Güncelleme Tarihi:
2015’te Ankara Garı’nda 100 kişinin hayatını kaybettiği terör örgütü DEAŞ’ın canlı bomba saldırısına ilişkin davaya bakan mahkeme, tutuklu 9 sanığa 101’er kez ağırlaştırılmış müebbet, 10 sanığa da 7.5 yıl ile 18 yıl arasında değişen hapis cezaları verirken, firari 16 sanığın dosyasını da ayırmıştı. Firari sanıklar yönünden devam eden davanın ikinci duruşması dün Ankara 4. Ağır Ceza Mahkemesi’nde yapıldı. 16 firari sanıktan hiçbiri yakalanamadığı için sanık sandalyeleri boş kaldı.
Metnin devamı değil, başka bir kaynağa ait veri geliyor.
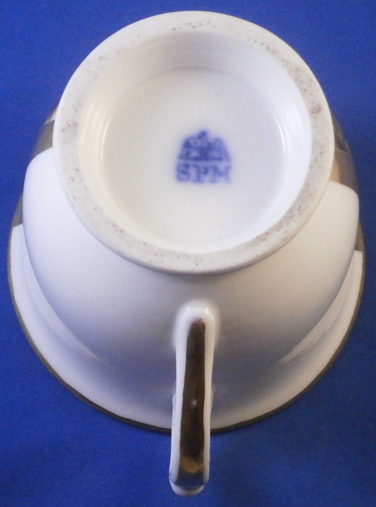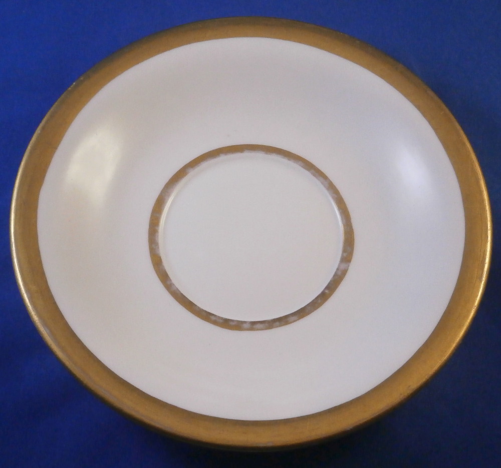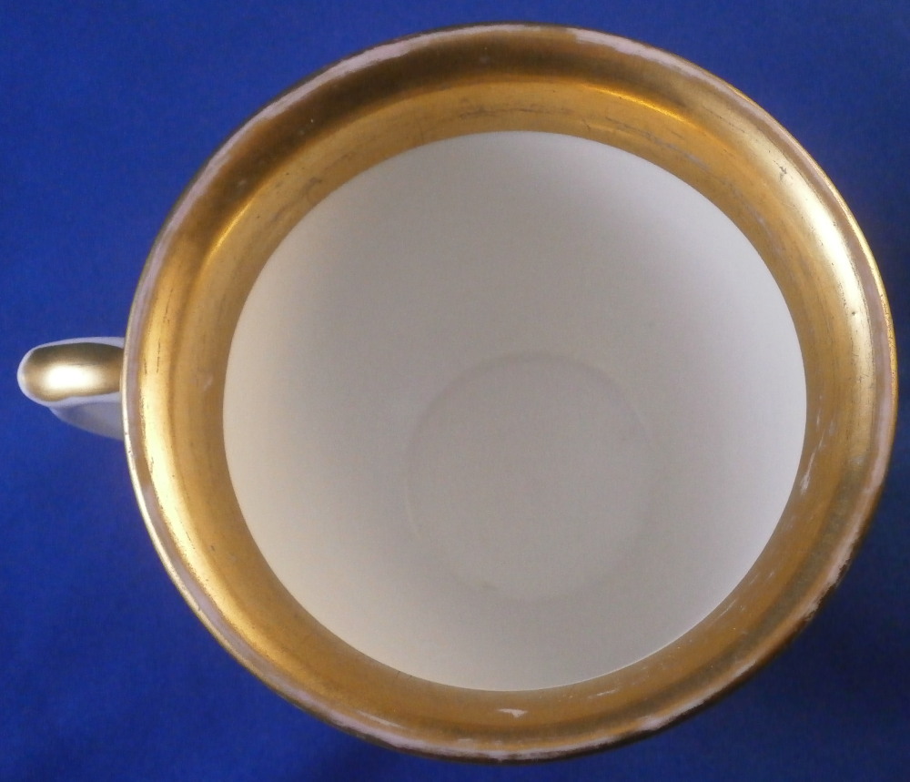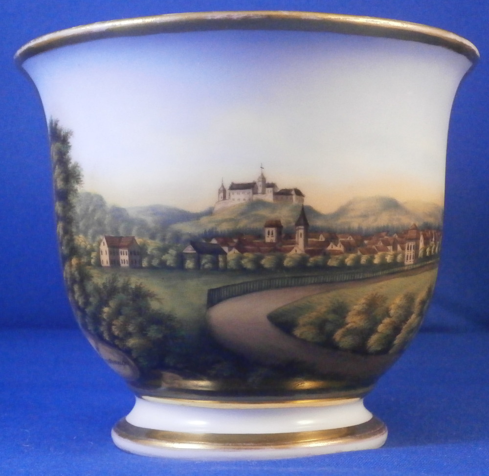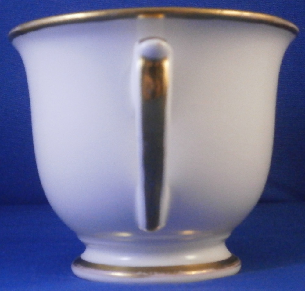 This is a nice cup and saucer set made by Moabit in the second half of the 19th century. Moabit was located in Berlin and was founded by M. Schumann and son around 1835 and lasted until about 1913. The cup has a superb scene on the front of the city of Eisenach which is located in the Thuringia region of Germany and I think even had its own porcelain factory for a short while. The scene is of the town with the famous Wartburg castle on top of the hill and the city below in a nice landscape surrounding. The name of the scene is written in the left bottom corner as shown. The scene is surrounded by a gold trim with more gold trim to the top and bottom of the cup as well as the handle. The saucer has a gold ring around the well and gold trim to the edge. A nice example with a nice topographical scene by a maker one does not see very often. The set is in good condition with just some wear to the gilding as shown. The cup is marked underneath with the eagle mark over the letters SPM in under glaze blue. The saucer has a similar mark with the eagle wings upwards instead of downwards as well as an impressed letter B and some numbers as shown. The cup is 3.25 inches tall and 3.875 inches in diameter. The saucer is 1 inch tall with a diameter of 6.25 inches. A very nice size set with a great scene to it! Please email me for more information or photos.

Davanın firari sanığı İlhami Balı’nın tutuklu eşi Hülya Balı’nın, Kilis Cezaevi’nden SEGBİS sistemiyle duruşmaya bağlanarak tanıklık yapması istendi. Mahkeme Başkanı Selfet Giray, Balı’ya ifade vermeden önce Ceza Muhakemesi Yasası uyarınca davada eşi İlhami Balı sanık olduğu için tanıklıktan çekilme hakkı olduğunu anımsatarak, “Tanıklık yapmak istiyor musun?” diye sordu. Sanık Hülya Balı, “Etkin pişmanlıktan yararlanmak istiyorum. Burada çocuğumla mağdurum” dedi.
TANIKLIK YAPMADI
Mağduriyetinin yargılandığı davadaki mahkemeyi ilgilendirdiğini belirten hâkim Giray, “Tanıklık yapmak istiyor musun?” diye tekrar sordu. Hülya Balı, “Tanıklık yapmak istemiyorum” dedi. Mahkeme heyeti, Hülya Balı’nın bu davada eşi sanık olduğu için tanıklık yapmak istemediği gerekçesiyle dinlenemeyeceğine karar vererek, SEGBİS bağlantısını kapattı. Bu karar salonda tepkilere neden oldu. Firari sanıklardan Deniz Büyükçelebi’nin eşi Şengül Büyükçelebi de tanıklık yapmak istemedi. Mahkeme başkanı daha sonra dava dosyasına gelen belgeleri okudu. Adalet Bakanlığı, İnterpol aracılığıyla firari sanıklardan Edremit Türe, Deniz Büyükçelebi, Ahmet Güneş, Hasan Hüseyin Uğur ve Nusret Yılmaz hakkında kırmızı bülten çıkarıldığını, uluslararası alanda yakalanma çalışmalarının devam ettiğini bildirdi.